2. de screening van de bibliotheek voor het opnieuw activeren met behulp van hygromycin B selectie

1. De test kloon infecteren, selectie toepassen en oogsten van DNA voor het rangschikken
   1. Verkrijgen van virale concentraten van retrovirale constructies uiten haarspelden uit een mediawisselaar shRNA of produceren van geconcentreerde virale bovendrijvende vloeistof via het protocol opgenomen met de gewenste bibliotheek.
   2. Titreer voordat u verdergaat met het scherm, de bibliotheek (met behulp van een GFP-marker, indien beschikbaar). Streven naar een veelheid aan infectie tussen 0,3 en 0,5.
      Opmerking: Voer ten minste vier onafhankelijke schermen om te minimaliseren van valse positieve tarieven. 20 platen per scherm te verkrijgen 100-fold dekking van de bibliotheek te handhaven adequate vertegenwoordiging van haarspelden en vermijden van willekeurige dropouts⁹gebruiken. Echter, gezien de positieve selectiescherm en de grootte van een grote bibliotheek, het is waarschijnlijk dat een lagere dekking zou volstaan.
   3. Plaat in de ochtend, 1 x 10⁶ Xi cellen op 10 cm weefselkweek platen.

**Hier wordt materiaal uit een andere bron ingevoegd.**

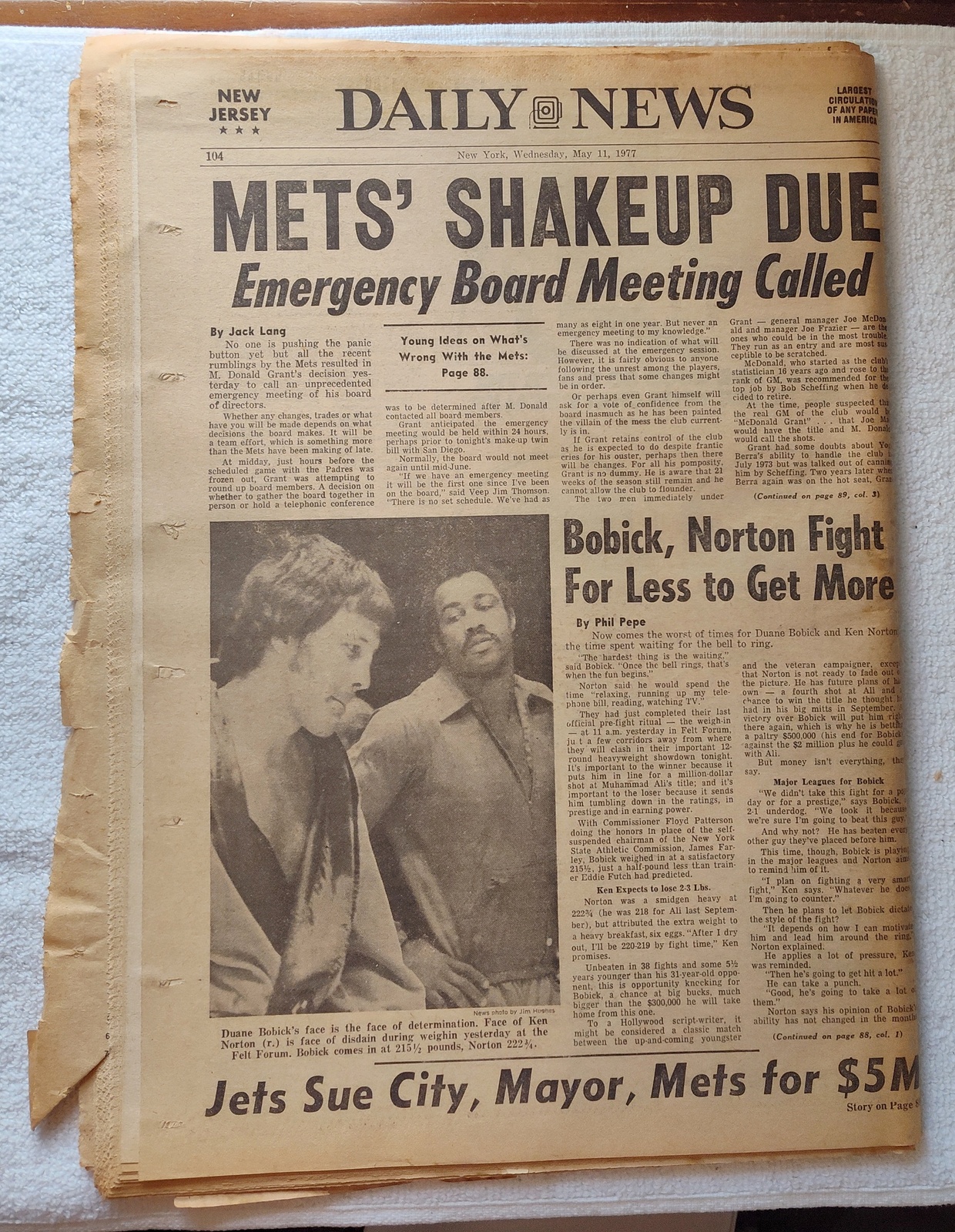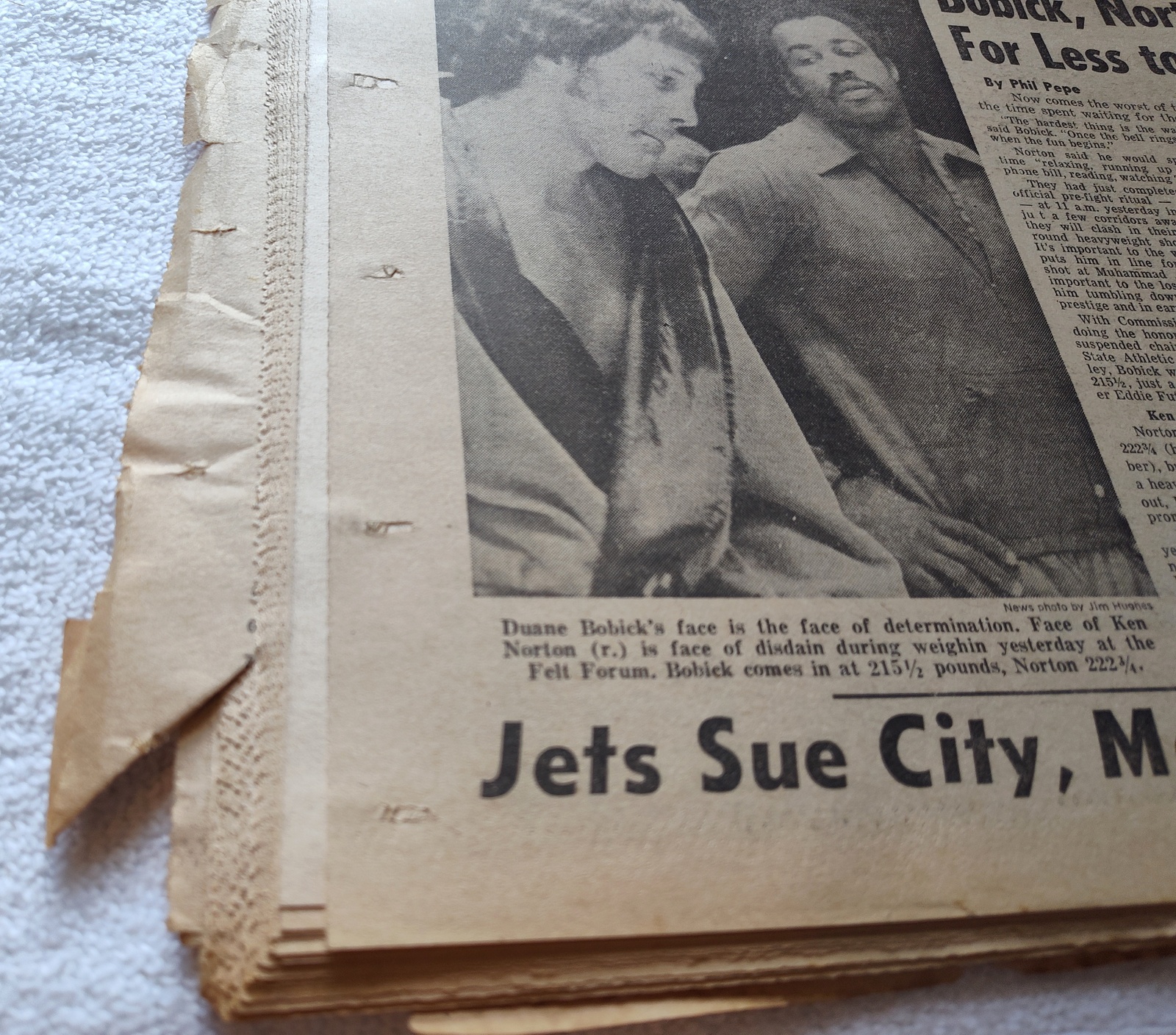- The back page has a picture of boxers Ken Norton and Duane Bobick.

   4. In de namiddag, infecteren de platen door vervanging van de media met verse DMEM-10 met virale supernatant en 5-10 µg/mL polybrene. Gebruik maken van de hoeveelheid virale supernatant in stap 2.1.2 vastgesteld.
   5. Na 18-24 h, de media gecombineerd en voeg 10 mL van de verse DMEM-10 aan elke plaat. Cultuur voor een ander 48u.

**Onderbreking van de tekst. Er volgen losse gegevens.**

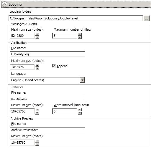 - Logging folder—Specify the directory where each of the log files in this section are stored. The default location is the directory where the Double-Take Availability program files are installed.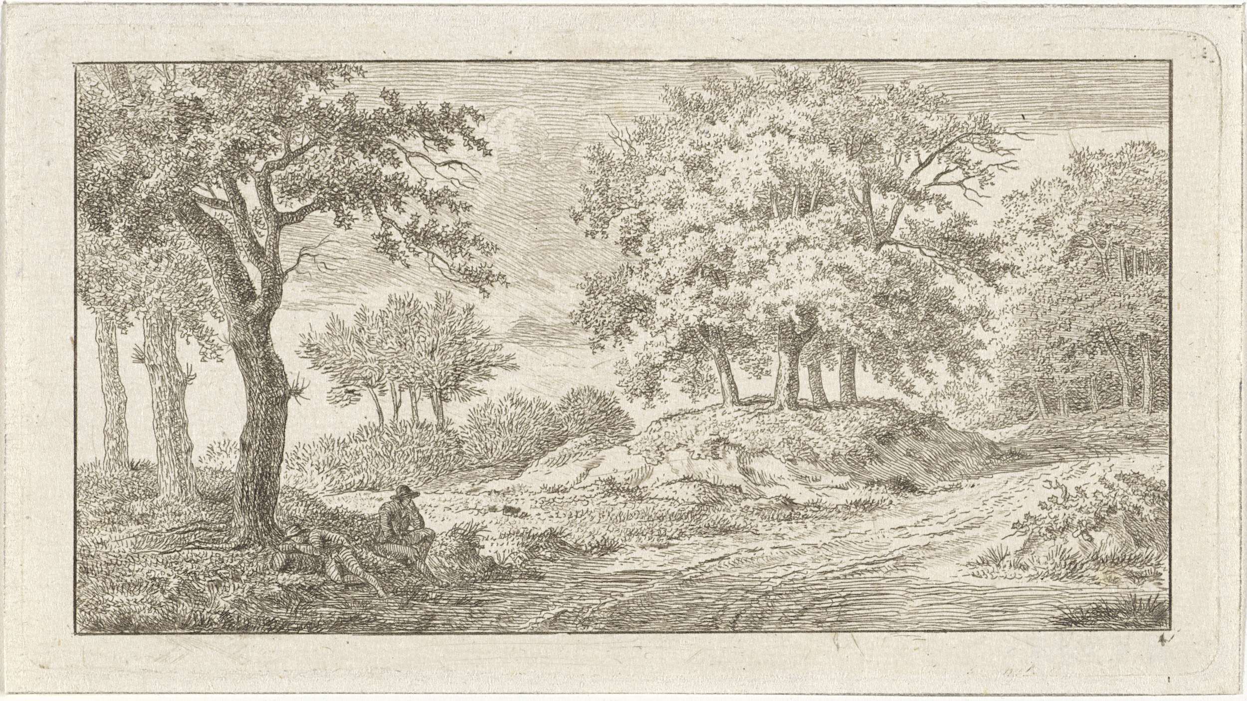 Twee rustende figuren naast een bospad

   6. In de ochtend, de cellen 1 mL 0,05% trypsine-EDTA per plaat met mobiliseren en doven met 9 DMEM-10 mL per plaat. De schorsing doorlopen een 100 µm mesh filter. De gefilterde schorsingen samen bundelen en zaad van twee sets van 10 cm platen op 1 x 10⁶ cellen/plaat.
   7. In de namiddag, door de media in één set platen te vervangen door DMEM-10 met 15 µg/mL van hygromycin B (dag 0). In de andere reeks, door de media te vervangen door verse DMEM-10 alleen.
   8. Na 48 uur, mobiliseren de cellen van onbehandelde aantal platen met behulp van 1 ml trypsine-EDTA 0,05%. Incubeer gedurende 2-5 minuten bij 37 ° C. Doven met 9 mL van DMEM-10. Overbrengen in de cellen 15 ml conische buizen en centrifuge op 500 x g gedurende 5 minuten bij kamertemperatuur. Het supernatant gecombineerd en meteen doorgaan met de extractie van DNA van de pellets. Anderzijds bundelen de cellen in de grotere buizen voor de stap van centrifugeren.
   9. Pak van DNA met behulp van een mengsel van fenol en chroroform en neerslag van DNA met natrium acetaat en koude ethanol als eerder beschreven¹⁰. Zwembad de individuele voorselectie DNA-monsters en bewaren bij-20 ° C tot verder gebruik.
   10. Blijven hygromycin B selectie instellen voor 4 meer dagen te kweken. Aanvullen van de media van de selectie met verse DMEM-10 met hygromycin B na 2 dagen.
   11. Op dag 7, door de media van de selectie te vervangen door verse DMEM-10 alleen. Toestaan van 2 tot 4 dagen voor herstel, en vervolgens het oogsten van de cellen zoals beschreven in stap 2.1.8. Ga verder met DNA-extractie, zoals beschreven in stap 2.1.9.
2. Identificeren van haarspelden verrijkt in de monsters na selectie
   1. Gebruik 5' context (5'-ATCGTTGCCTGCACATCTTGG-3') en 3' reverse lus inleidingen (5'-ACATCTGTGGCTTCACTA-3') aan het versterken van de half-haarspelden van pre- en post selectie DNA-monsters. Gebruik alle geëxtraheerd DNA in aparte PCR reacties met 100-200 ng van DNA per reactie.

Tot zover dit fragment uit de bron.